Raw data: Begin

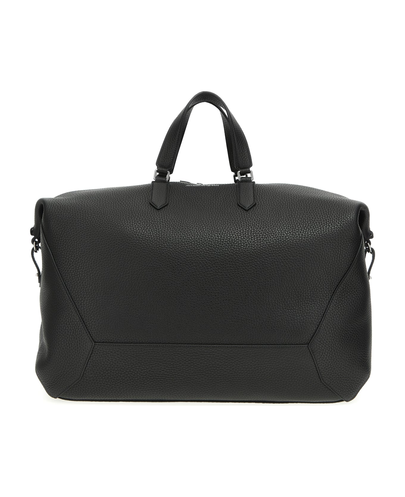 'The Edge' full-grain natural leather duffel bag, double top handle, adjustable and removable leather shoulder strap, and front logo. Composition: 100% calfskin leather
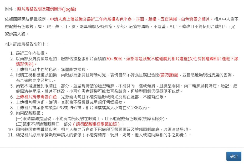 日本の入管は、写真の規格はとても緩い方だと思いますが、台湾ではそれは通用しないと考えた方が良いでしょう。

Raw data: End
Raw data: Begin

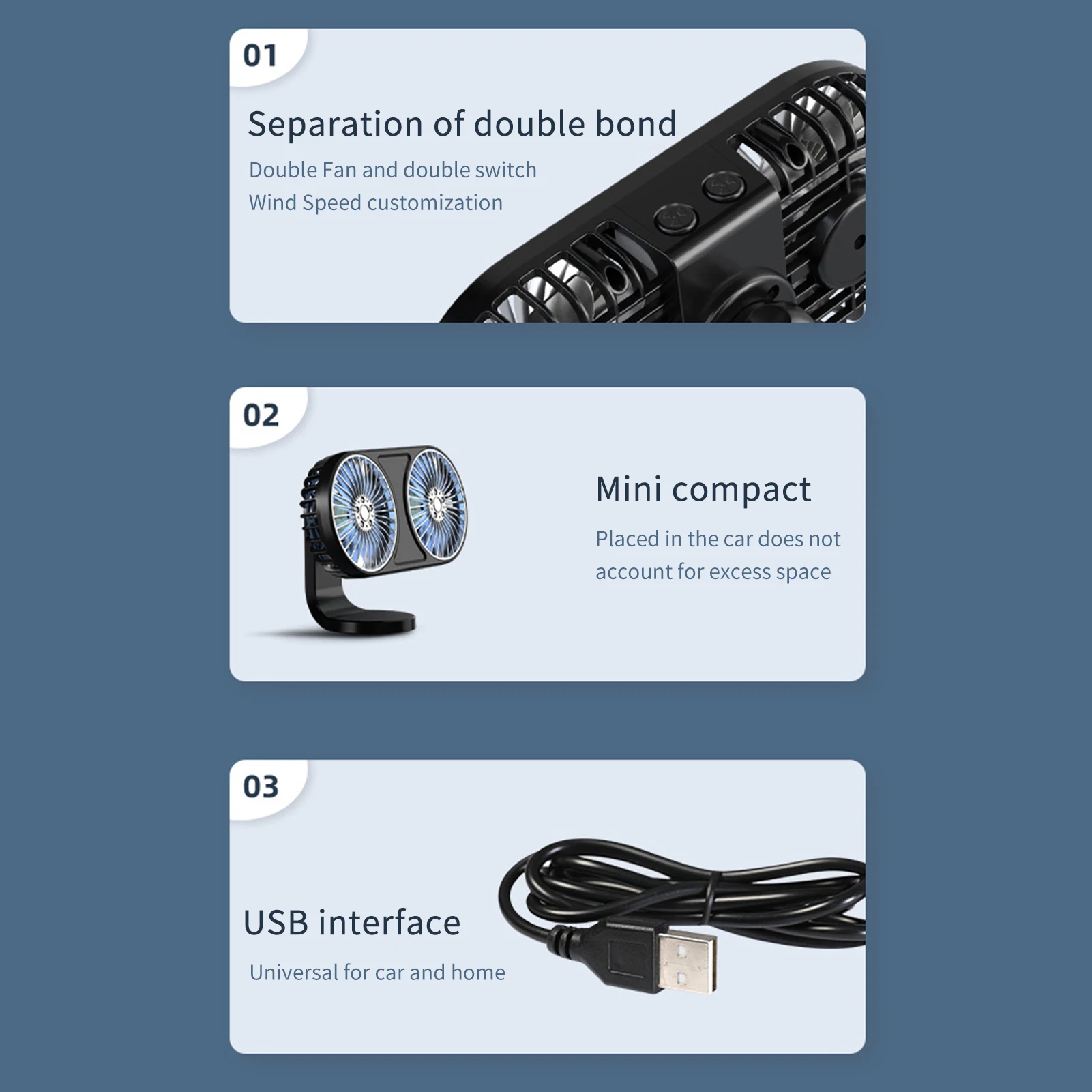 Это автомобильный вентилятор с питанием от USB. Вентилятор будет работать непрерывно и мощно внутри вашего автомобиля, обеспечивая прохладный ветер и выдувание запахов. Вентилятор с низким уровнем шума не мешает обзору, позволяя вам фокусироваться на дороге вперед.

Raw data: End

Exercise goal: Output exactly the lines above, beginning at the one with "100% calfskin leather" and stopping after the one with "日本の入管は、写真の規格はと". Pictures are to be omitted.

Exercise solution:
 'The Edge' full-grain natural leather duffel bag, double top handle, adjustable and removable leather shoulder strap, and front logo. Composition: 100% calfskin leather
 日本の入管は、写真の規格はとても緩い方だと思いますが、台湾ではそれは通用しないと考えた方が良いでしょう。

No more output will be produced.